If the names of “Duncan” and “MacBeth” sound familiar, there is a reason. It has long been thought that King James held great influence over William Shakespeare and was even responsible for Shakespeare’s unflattering portrayal of Scottish witches in his play “Macbeth.” James supported the works of Shakespeare, whose famous plays came about later.

King James was certainly one of the most literate of all British Kings and Shakespeare’s Macbeth was written only seventeen years after initial royal paranoia about the Berwick witches, a long enough time for the imagination to fodder and take certain liberties with the actual story.
 
Most of the scenes for MacBeth took place at Glamis Castle, allegedly the most haunted castle in Scotland. This was even acknowledged in the day of Shakespeare. But Scotland’s influence on public thought having to do with witches and witchcraft did not end there. Many trials and executions were to follow later.

 North of Aberdeen, there is a haunted place called the “Forest of Marr.” It is believed this is the area where some of the Scottish witches escaped. As they went underground, the women’s occult powers grew. It was conjectured that the ghosts of the executed witches eventually became Banshee spirits known as the "Bean Nighe" and continued to roam the countryside bringing death to the Scottish Clans who backed King James or were responsible for their persecution. From that area of Scotland to Wood County, came a family named “Marr.” Some have said that their lives were marred by the earlier witches’ tragedies. And now we begin our first tale moving from the dark reaches of Scotland into the even darker reaches of West Virginia...
 
Marrtown Banshee

On certain lonely, moonless nights in the Mid-Ohio Valley, under a sky littered with stars, riding over the hills of Marrtown, there appears a shrouded figure on a white horse— one that is known as “the Banshee of Marrtown.”

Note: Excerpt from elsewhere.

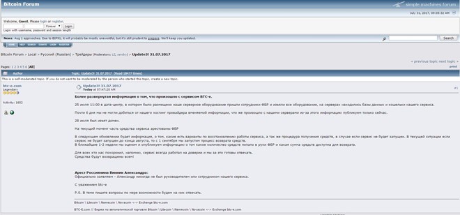 Bên cạnh đó, bài viết cũng đề cập đến việc công dân Nga được cho là quản trị viên của BTC-E bị bắt hôm 27/7. Họ khẳng định, "Alexander Vinnik chưa bao giờ là người đứng đầu hoặc là nhân viên của chúng tôi."

 Marrtown was once a small farming community southeast of the city of Parkersburg. The family of Scottish immigrant Thomas Marr settled Marrtown in 1836. Thomas later married a local woman named Mary Disosche whose family owned a local brewery. The Marr family brought to America many of the ancient beliefs and superstitions from their native land of Scotland, where a belief in banshees, witches and ghosts remained strong. The daughter of a widow, Mary Marr was an autumn bride, considered to be an ill omen among the Scottish people. In years to come, Mary would lose six of the eight children that she bore. Only two would carry on the Marr name. Times were hard for Thomas and Mary Marr but they did not lose their dream of a better life, pouring their energies into a simple tract of land that is now Marrtown.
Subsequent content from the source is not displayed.